Eupalaestrus campestratus sure makes a good beginner species as well. My female is as sweet as can be, rather timid even, but takes down feeders like a Gbb. I don't see them for sale much here either.

Reactions: Agree 1


----------



## gobey (Jan 27, 2017)

REEFSPIDER said:


> TRUE STORY
> i knew a kid in 5th grade whose Aunt had dropped his hamster and it parished consequently. I didnt even remember that until now. Lol. But i have also heard about them having a nasty bite for your average pet rodents.


Honestly a mouse or rat is better for handling. Especially a rat.

Reactions: Agree 9


----------



## REEFSPIDER (Jan 27, 2017)

Rats are cool

Reactions: Like 1 | Agree 6


----------



## Jeff23 (Jan 27, 2017)

gobey said:


> Honestly a mouse or rat is better for handling. Especially a rat.


This is true.  Rats and mice are communal animals while hamsters are solitary animals (like almost all tarantulas) that can't be kept together.  I had a hamster when I was a kid.  It bit the crap out of me multiple times.  Then one day it got out of its cage and chewed a hole in the guest bathroom door.  Needless to say there was nothing I could do to stop the one way ticket for that hamster to new owners.


----------



## Ungoliant (Jan 27, 2017)

gobey said:


> Honestly a mouse or rat is better for handling. Especially a rat.


Rats are by far my favorite small mammal pets. They are smart and can be very friendly, especially if handled regularly. (I've never been bitten by a rat.) However, they should be housed in pairs, as they do better with a companion.

Reactions: Agree 5 | Love 1


----------



## REEFSPIDER (Jan 27, 2017)

Ungoliant said:


> Rats are by far my favorite small mammal pets.

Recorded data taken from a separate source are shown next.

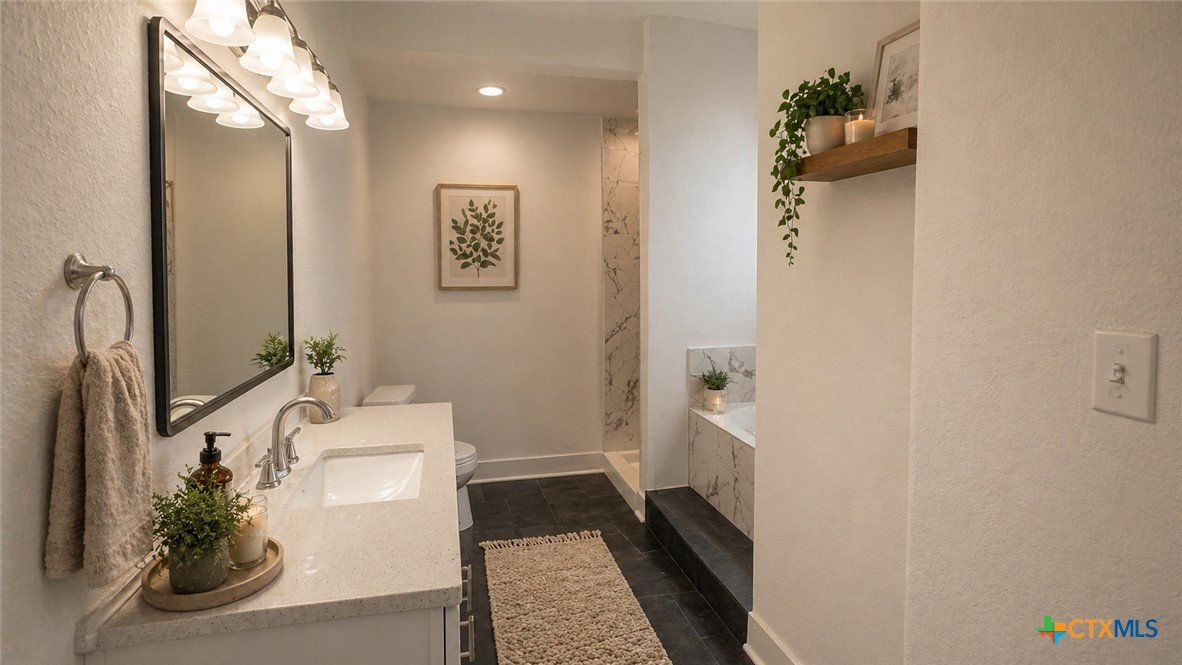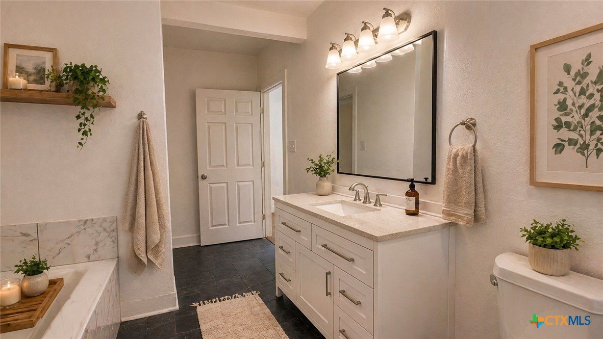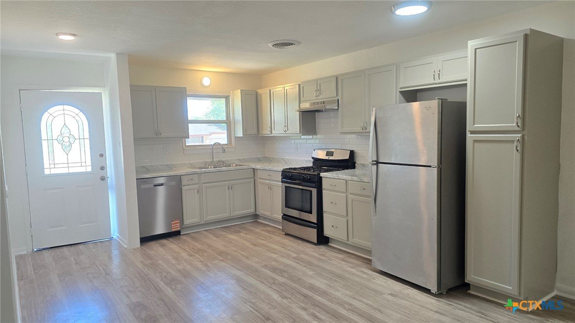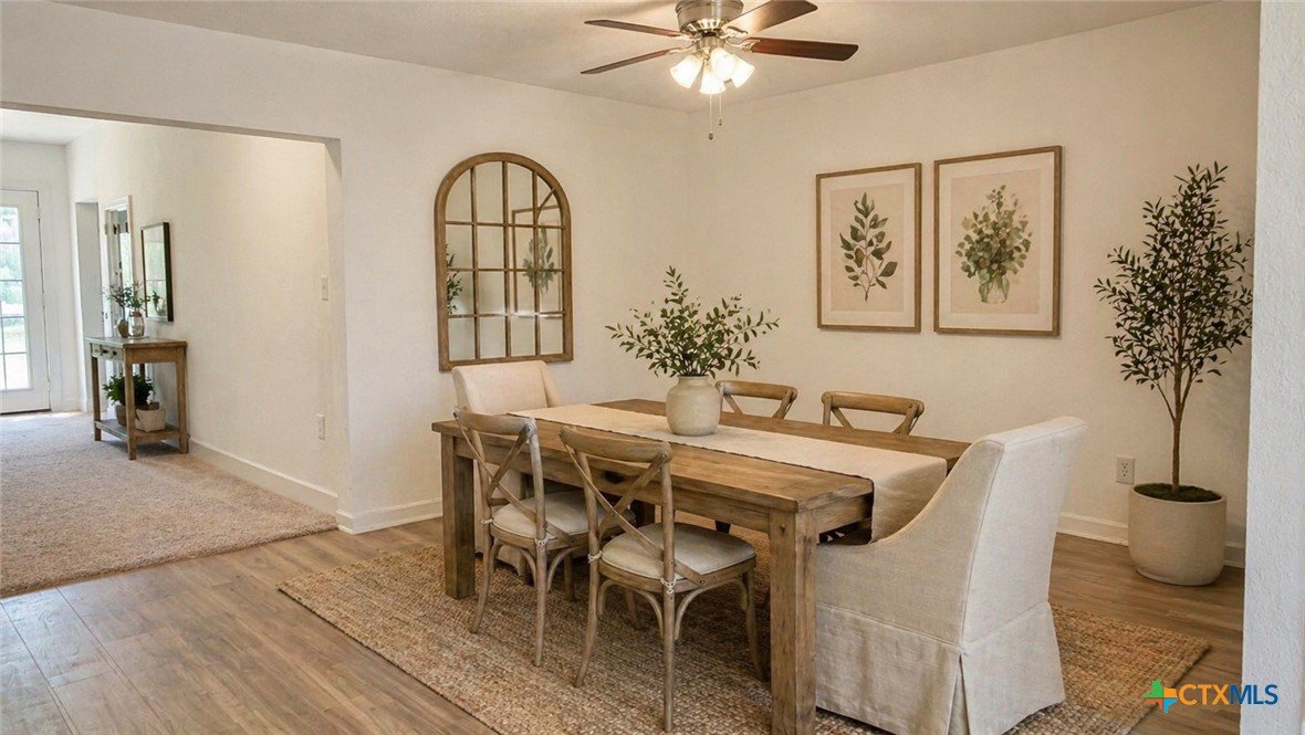 Recently remodeled 4-bedroom, 2.5-bath home offering over 2,200 square feet of living space with a dedicated office and a spacious, functional layout. The updated kitchen features brand-new cabinetry, new sink, vent hood, dishwasher, laminate granite-look countertops, and a refrigerator that conveys with the home. New laminate flooring runs throughout the kitchen, hallway, laundry, and secondary bedrooms, while the oversized living room, office, and primary bedroom feature brand-new carpet for added comfort. Fresh interior and exterior paint, a new roof, and brand-new siding on three sides give the home an updated feel and added exterior appeal. Large windows provide abundant natural light throughout, and the spacious living room offers plenty of room to gather and entertain. The oversized primary suite includes a private bath with separate tub and shower, while secondary bathrooms have also been refreshed with updated tile finishes. Most rooms include ceiling fans, and the large backyard provides ample outdoor space for relaxing, entertaining, wood working in the shop, or future customization. With recent updates, generous square footage, and a flexible floor plan, this home offers comfort, function, and opportunity for buyers looking for space and value.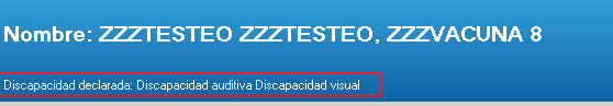 En el libro de citas aparecerá un texto en la banda de demográficos que informa de que el paciente tiene la marca de discapacidad.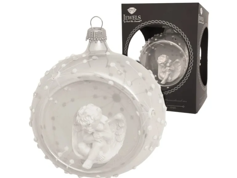 Krebs Glas Lauscha Weihnachtskugel mit Engel Weiß 1-tlg. 8cm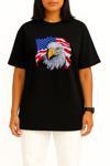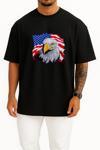 Oversize Amerika Kartalı Ve Amerika Bayrağı Göğüs Tasarımlı Unisex T-Shirt
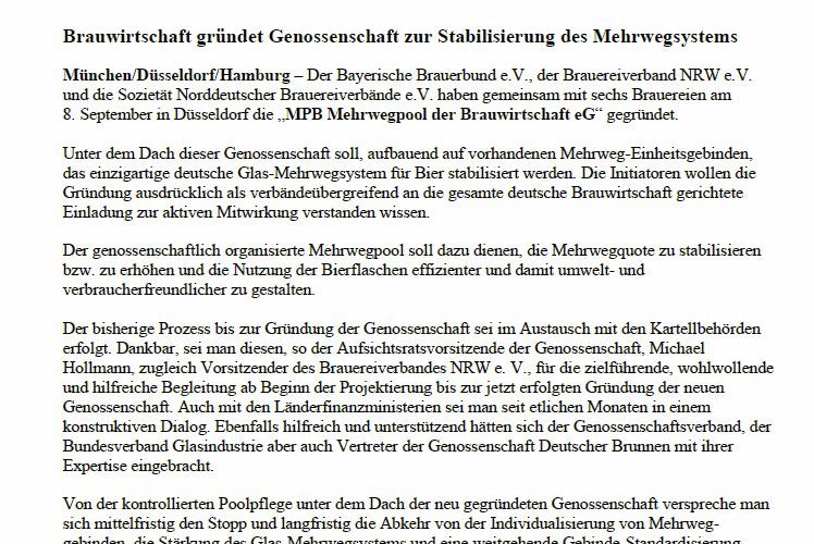 Brauwirtschaft gründet Genossenschaft zur Stabilisierung des Mehrwegsystems

They are smart and can be very friendly, especially if handled regularly. (I've never been bitten by a rat.) However, they should be housed in pairs, as they do better with a companion.

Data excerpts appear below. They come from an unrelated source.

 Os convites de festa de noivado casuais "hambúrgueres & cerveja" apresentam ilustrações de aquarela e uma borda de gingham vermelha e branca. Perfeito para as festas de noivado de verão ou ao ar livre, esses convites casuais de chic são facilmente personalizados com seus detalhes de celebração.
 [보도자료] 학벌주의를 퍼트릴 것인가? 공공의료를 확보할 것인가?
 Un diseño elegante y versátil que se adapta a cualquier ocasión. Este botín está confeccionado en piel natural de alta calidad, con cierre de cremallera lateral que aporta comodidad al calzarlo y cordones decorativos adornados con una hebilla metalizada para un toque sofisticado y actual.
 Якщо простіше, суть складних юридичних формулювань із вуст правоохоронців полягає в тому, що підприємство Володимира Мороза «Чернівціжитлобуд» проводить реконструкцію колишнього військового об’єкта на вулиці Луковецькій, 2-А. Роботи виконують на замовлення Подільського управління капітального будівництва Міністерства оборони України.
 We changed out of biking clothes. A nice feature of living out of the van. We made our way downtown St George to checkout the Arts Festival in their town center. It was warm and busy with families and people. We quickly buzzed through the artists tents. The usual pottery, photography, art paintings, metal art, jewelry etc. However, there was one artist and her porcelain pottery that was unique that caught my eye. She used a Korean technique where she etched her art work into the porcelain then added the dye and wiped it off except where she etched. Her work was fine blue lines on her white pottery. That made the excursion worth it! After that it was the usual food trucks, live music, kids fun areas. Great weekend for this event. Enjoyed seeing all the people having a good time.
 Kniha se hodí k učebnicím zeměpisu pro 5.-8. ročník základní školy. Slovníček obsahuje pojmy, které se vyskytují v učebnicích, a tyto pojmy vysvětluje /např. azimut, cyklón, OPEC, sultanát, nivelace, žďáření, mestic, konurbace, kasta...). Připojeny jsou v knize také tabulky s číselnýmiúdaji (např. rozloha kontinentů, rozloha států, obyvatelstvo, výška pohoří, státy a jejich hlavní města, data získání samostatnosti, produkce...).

Most reputable breeders here wont sell you a single rat i tripped out on this before i was more aware of the rats social behavior

Reactions: Agree 1


----------



## cold blood (Jan 27, 2017)

REEFSPIDER said:


> Most reputable breeders here wont sell you a single rat i tripped out on this before i was more aware of the rats social behavior


Theyre very prone to depression.

Reactions: Agree 4


----------



## Andrea82 (Jan 28, 2017)

REEFSPIDER said:


> Most reputable breeders here wont sell you a single rat i tripped out on this before i was more aware of the rats social behavior


Same goes over here. I have kept rats for about seven or eight years. The people selling rats by themselves are either selling surplus feeders or people who just want to make quick money. They're also the reason why rats are so vulnerable to cancer, pneumonia, and have such short lifespans. Luckily there are several breeders in the Netherlands who are comitted to improve that by selective breeding. 
Lol, sorry, didn't mean to rant. 
Re: social behaviour. Even though rats can get very much attached to their humans, we can never replace another rat, despite of people stating otherwise. Besides, it is much more fun to see them interact with each other. My biggest group had 9 rats, and it was more entertaining than tv. 
I stopped keeping them because of the heartache it gave me to lose them so soon after getting very attached to them everytime.

Reactions: Like 1


----------



## Gabrgrl (Mar 1, 2017)

Aline Lassala said:


> So i'm looking for a very docile tarantula that doesn't mind being held.(i know temperament is a hit or miss but) I've heard rose hairs can be moody and defensive and i've heard majority of Arizona blondes are really chill and sweet, even the wild caught. Id like opinions on which is better? I know tarantulas are more "look don't touch" pets.. but i really want to be able to handle mine.


I have both, but my blonde is still a sling. My rose hair is pretty skittish. We can hold her, but most the time opening the cage makes her run into her coconut. The blonde is cery docile. Not scared of anything.



Aline Lassala said:


> So i'm looking for a very docile tarantula that doesn't mind being held.(i know temperament is a hit or miss but) I've heard rose hairs can be moody and defensive and i've heard majority of Arizona blondes are really chill and sweet, even the wild caught. Id like opinions on which is better? I know tarantulas are more "look don't touch" pets.. but i really want to be able to handle mine.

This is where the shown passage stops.